Monday, April 10, 2006

Database Maintenance Strategy for Fifth World Scan

I completed my fourth scan of the world and then ran a more current update on the caches between home and northern California and Nevada for my upcoming trip. In preparing to start my fifth scan of the world, I thought I'd try to improve my pocket query strategy.

In the fourth scan, I emphasized getting information about archived caches which I had largely ignored in the third scan. To do that I had to have queries covering all dates from January 1, 2000 to as close to the current date as possible for each of the 25 partitions of the world listed in the "Pocket Query World Scan" entry. For the current size of the database that took just over 3 months. I have over 250,000 caches with over 4 million logs.

I wanted to catch up on identifying the archived caches and manually download the final gpx file for each of them. However, that meant that I didn't keep current on new caches. I obtained the new caches only in the placed date ranges at the end of each partition. I was behind three months on the oldest partition and a month and a half on the median partition. The only partition that I was ever nearly current on was the one I had just finished at any point in time.

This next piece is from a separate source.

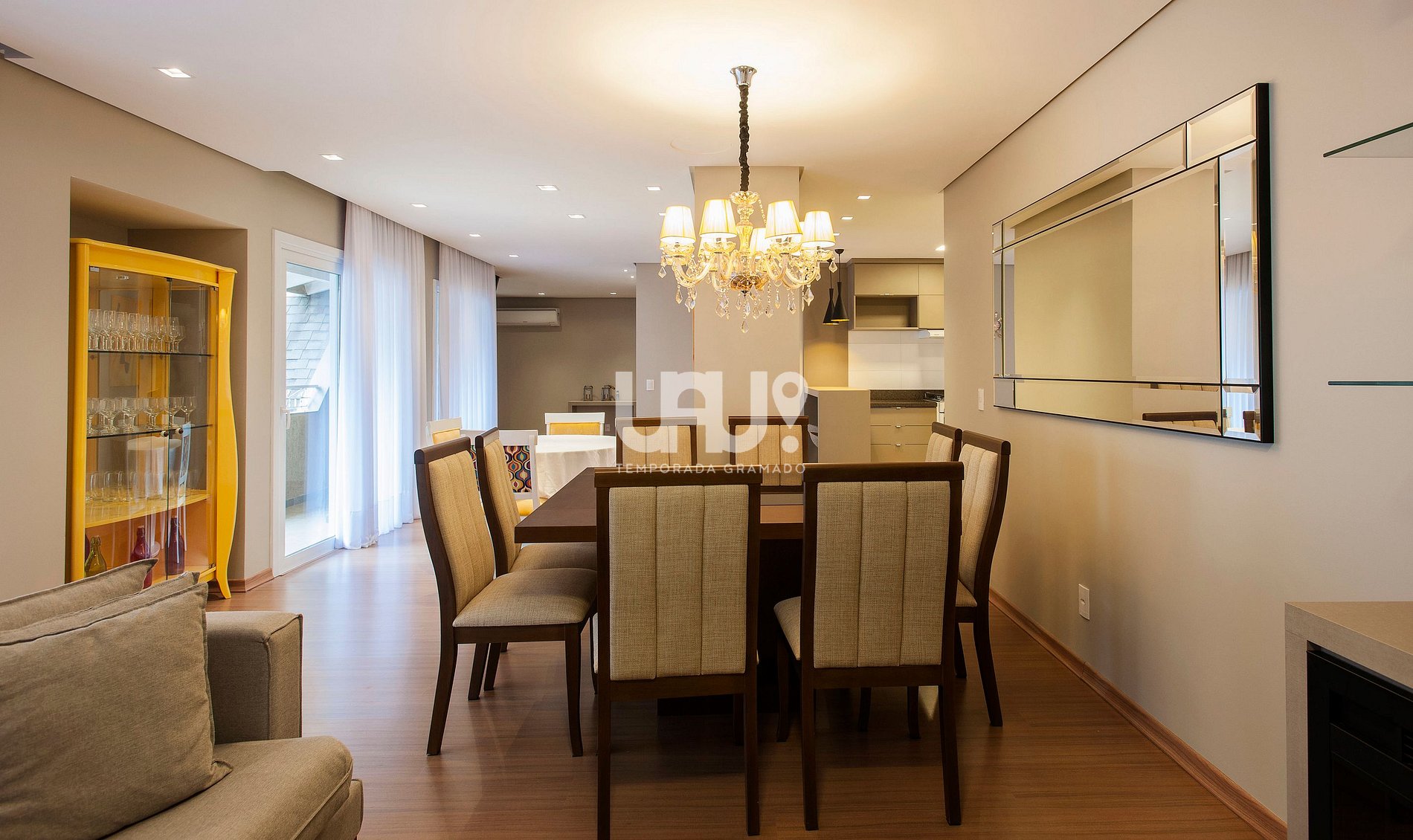 Apartamento com amplo Living em 3 ambientes com 2 mesas de jantar para 10 pessoas, confortáveis sofás e poltronas; SmartTV com Sky em ambas as salas; Split Q/F;

There are five classes of caches that need to be considered; new caches, caches that have been received in a pocket query and have not yet been archived, caches that have been archived since the last time they were received in a pocket query, older archived caches, and caches that were archived before they could be received in any pocket query. I choose to ignore caches that were once active but have returned to the not-yet-approved state for this discussion. There are a few which appear in my database as not archived but yet having a very stale 'Last GPX date'. I get the error message when I try to access them for an individual gpx file update.

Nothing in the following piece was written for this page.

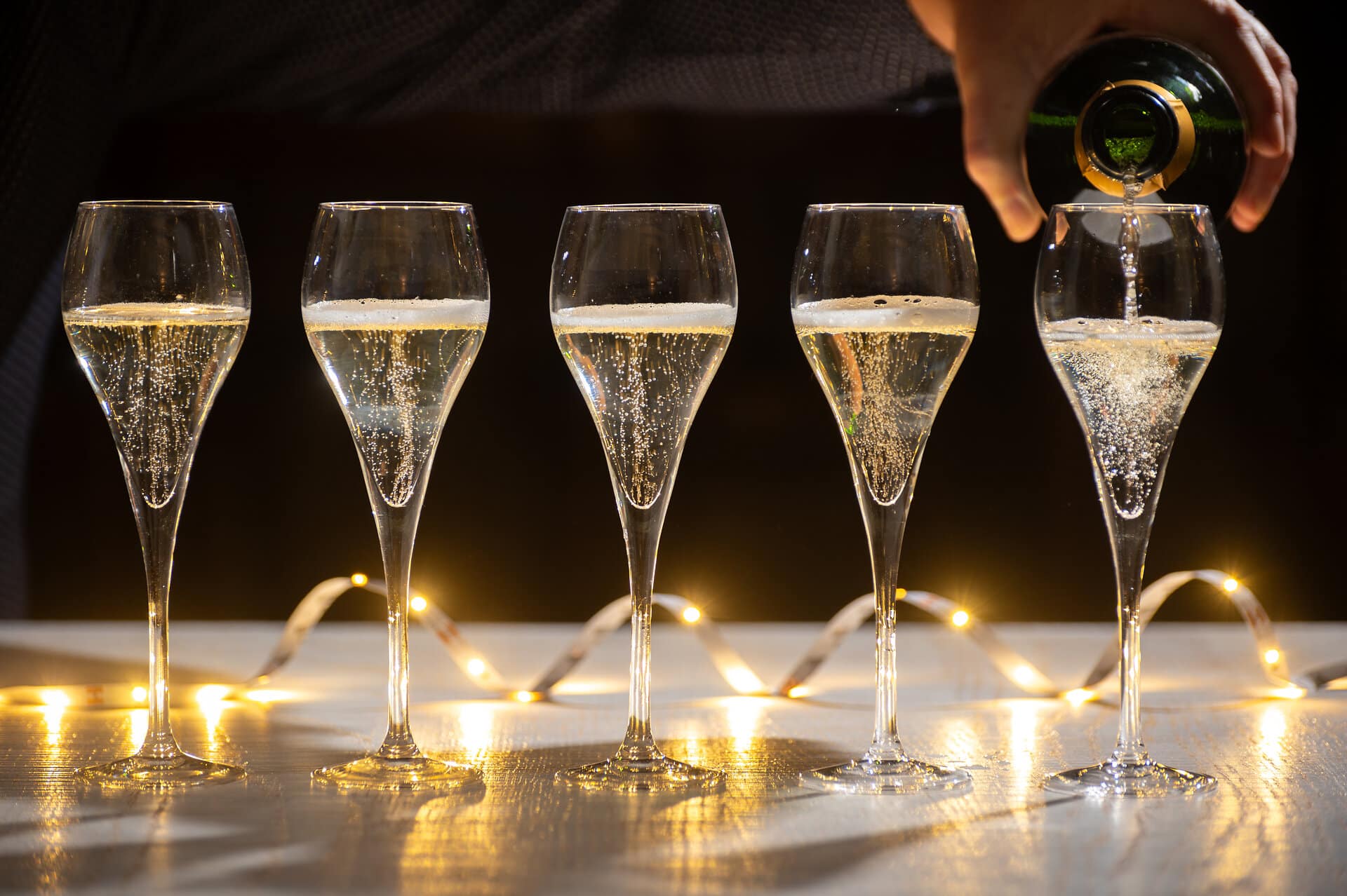 - New year party, pouring of brut champagne bubbles cava or prosecco wine in tulip glasses with garland lights on background: © barmalini - stock.adobe.com

In order to make sure that my database has a record of as many caches as possible, I need to run pocket queries that capture them as they are approved. New caches that have not yet been approved are not available to pocket queries and only become visible when they are approved. Usually I have to wait about a week after caches are placed before I can count on most of them being approved. At the current time roughly 350 new caches are placed every day and reliably show up in pocket queries within a week. If I were to place a pocket query every day for all of the caches placed one week earlier, then I would have to ask for just one day. Otherwise only 500 random caches in the group would be returned. If I ran it every other day and asked for two placed dates, I would expect 700 new caches and miss about 200 of them.

By partitioning the world into three equal sized zones, I would expect just over 100 caches in each zone each day. By experimentation, I determined that I could select multiple states/provinces to cover all the caches in three roughly equivalently sized groups. The 'None' value covers caches that are in countries that are not included elsewhere in the state list. The ranges are states that begin with A-M, N, and O-Z. The range with all of the N's includes the value 'None'.

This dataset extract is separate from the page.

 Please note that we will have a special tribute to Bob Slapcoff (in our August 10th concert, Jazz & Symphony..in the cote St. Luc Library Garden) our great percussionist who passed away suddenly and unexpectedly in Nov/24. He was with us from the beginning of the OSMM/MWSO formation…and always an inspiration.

That would give me flexibility to ask for 3 or 4 days worth of caches for a group and have a query nearer the 500 maximum. I create the query, run a preview to test how many caches will be returned, and mark it to run once and then delete the query. I select the States/Provinces for the group and adjust the range of 'placed during' days to result in as close to 500 caches as possible. If more than 500 caches were placed and approved for a single day, I'd have to temporarily split the zone. I'll place a comment to this article after I've started to let you know how well that strategy is working. This strategy will use about one of my five daily queries for the first class of caches, leaving four remaining queries.

The second type of pocket query will be like those I used on the fourth world scan using it's 25 partitions, only at a slower rate to leave pocket queries for other uses. This allows me to update caches that have not been archived since the last time they were received in a pocket query and to infer which caches have been archived so that I can download the final individual gpx files for them. I keep the archived caches in my database with 'Last GPX Date' older than that of similar active caches. I don't need to worry about updating caches that I know have been archived because if any were ever reactivated, I would receive it the next time that that cache range is scanned. About a hundred caches are newly archived every day. The scanning process will also catch any caches that are missed in the first strategy for new caches. I can run these queries at a slower pace as long as it is faster than new caches are added. I plan to use some of the extra pocket queries to prepare for actual cache outings.

Caches that were archived before they could be received in any pocket query present a separate problem. They will never appear in a pocket query. To get information about these caches I do a manual scan of all the possible waypoint codes that aren't already in my database. This is a laborious process and I've only done it for a few of the earliest placed caches.

Until next time, this is Nudecacher.